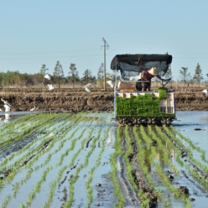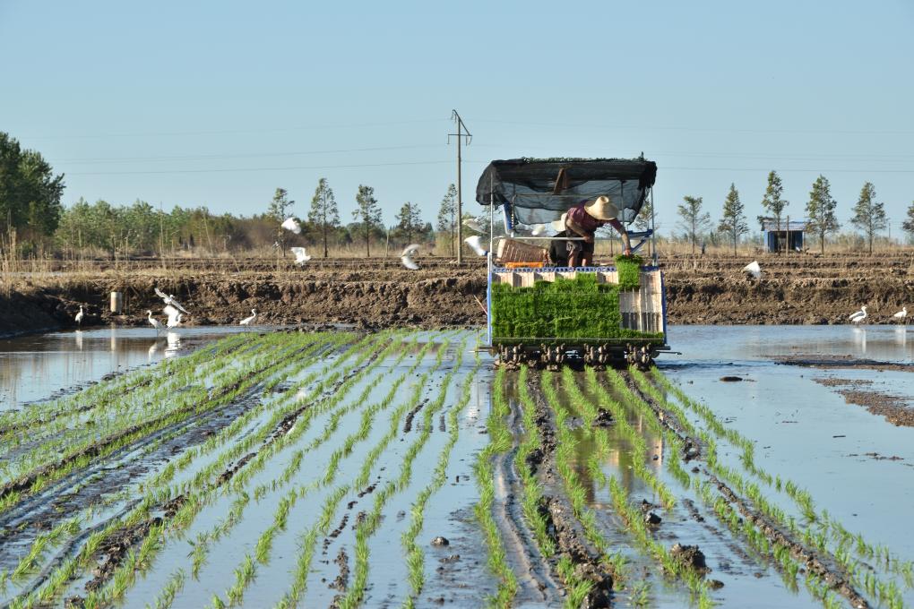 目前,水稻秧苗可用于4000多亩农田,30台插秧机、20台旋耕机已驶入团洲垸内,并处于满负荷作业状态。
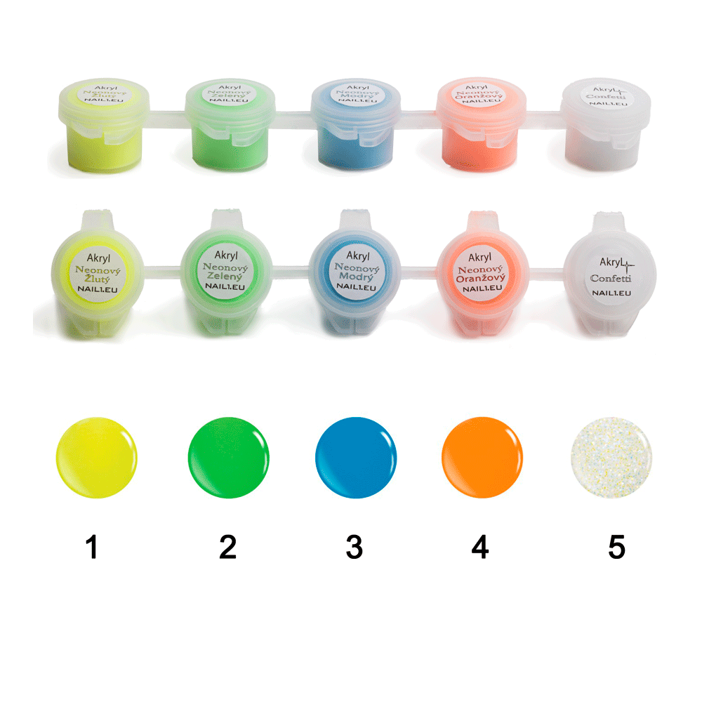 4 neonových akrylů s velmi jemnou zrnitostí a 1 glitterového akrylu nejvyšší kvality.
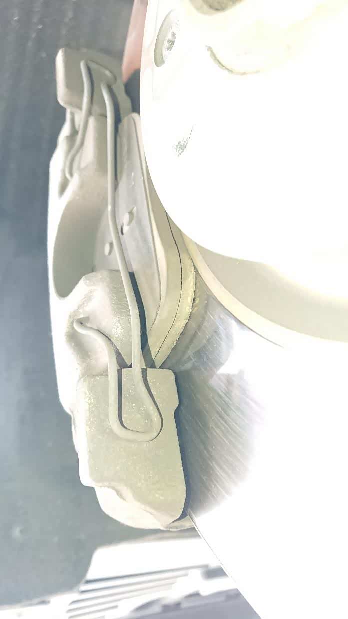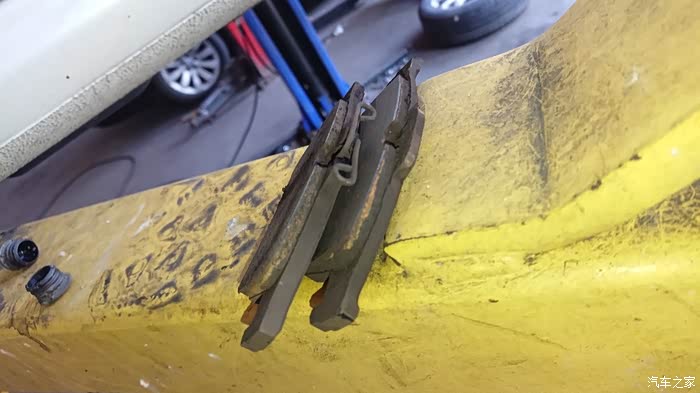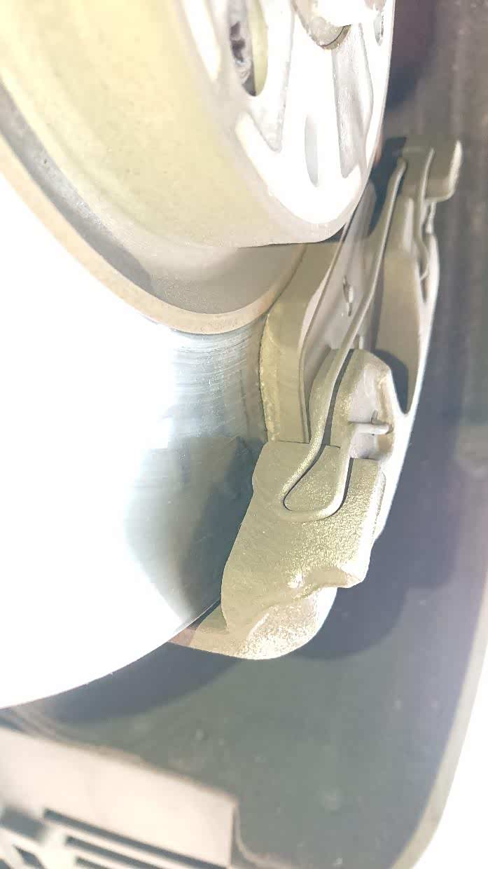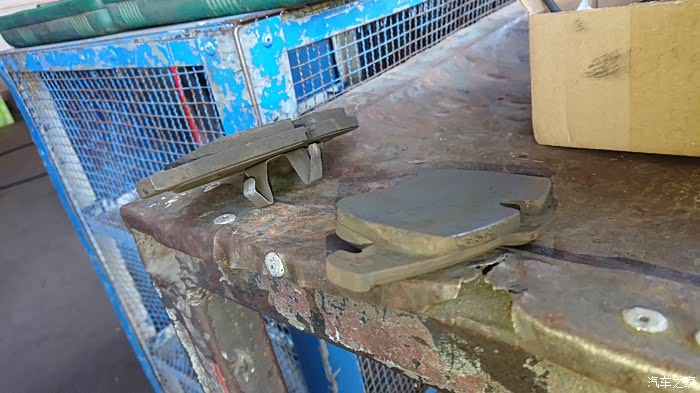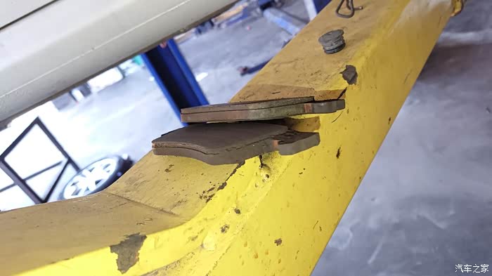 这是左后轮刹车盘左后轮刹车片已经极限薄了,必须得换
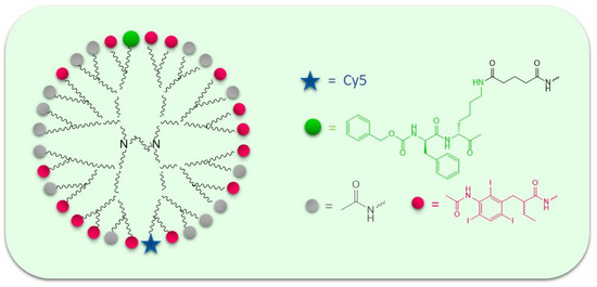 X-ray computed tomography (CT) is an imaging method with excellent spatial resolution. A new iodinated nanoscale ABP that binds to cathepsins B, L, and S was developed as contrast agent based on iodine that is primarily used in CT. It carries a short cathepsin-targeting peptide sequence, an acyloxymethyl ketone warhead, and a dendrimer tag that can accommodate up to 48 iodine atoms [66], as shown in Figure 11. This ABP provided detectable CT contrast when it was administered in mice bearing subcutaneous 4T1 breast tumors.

* * *

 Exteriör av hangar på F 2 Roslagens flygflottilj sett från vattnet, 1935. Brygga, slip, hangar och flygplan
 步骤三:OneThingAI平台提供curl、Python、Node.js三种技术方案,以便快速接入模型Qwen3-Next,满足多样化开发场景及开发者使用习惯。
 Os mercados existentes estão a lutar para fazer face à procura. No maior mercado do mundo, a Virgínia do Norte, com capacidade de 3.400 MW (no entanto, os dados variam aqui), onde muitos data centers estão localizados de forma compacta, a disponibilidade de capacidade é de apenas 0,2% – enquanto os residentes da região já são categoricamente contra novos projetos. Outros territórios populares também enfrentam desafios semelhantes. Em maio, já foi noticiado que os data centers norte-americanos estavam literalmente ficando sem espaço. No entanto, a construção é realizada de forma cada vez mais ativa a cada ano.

* * *

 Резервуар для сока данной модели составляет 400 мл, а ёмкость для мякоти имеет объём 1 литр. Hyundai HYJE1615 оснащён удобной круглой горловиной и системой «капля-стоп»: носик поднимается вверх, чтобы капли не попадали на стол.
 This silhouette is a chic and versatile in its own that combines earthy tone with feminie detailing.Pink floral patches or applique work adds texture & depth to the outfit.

* * *

* _Exercise brief_: The output is the stretch above from the line with "目前,水稻秧苗可用于4000" through the line with "X-ray computed tomography", copied word for word with both ends kept and every picture dropped.

* _Solution below_:
 目前,水稻秧苗可用于4000多亩农田,30台插秧机、20台旋耕机已驶入团洲垸内,并处于满负荷作业状态。
 4 neonových akrylů s velmi jemnou zrnitostí a 1 glitterového akrylu nejvyšší kvality.
 这是左后轮刹车盘左后轮刹车片已经极限薄了,必须得换
 X-ray computed tomography (CT) is an imaging method with excellent spatial resolution. A new iodinated nanoscale ABP that binds to cathepsins B, L, and S was developed as contrast agent based on iodine that is primarily used in CT. It carries a short cathepsin-targeting peptide sequence, an acyloxymethyl ketone warhead, and a dendrimer tag that can accommodate up to 48 iodine atoms [66], as shown in Figure 11. This ABP provided detectable CT contrast when it was administered in mice bearing subcutaneous 4T1 breast tumors.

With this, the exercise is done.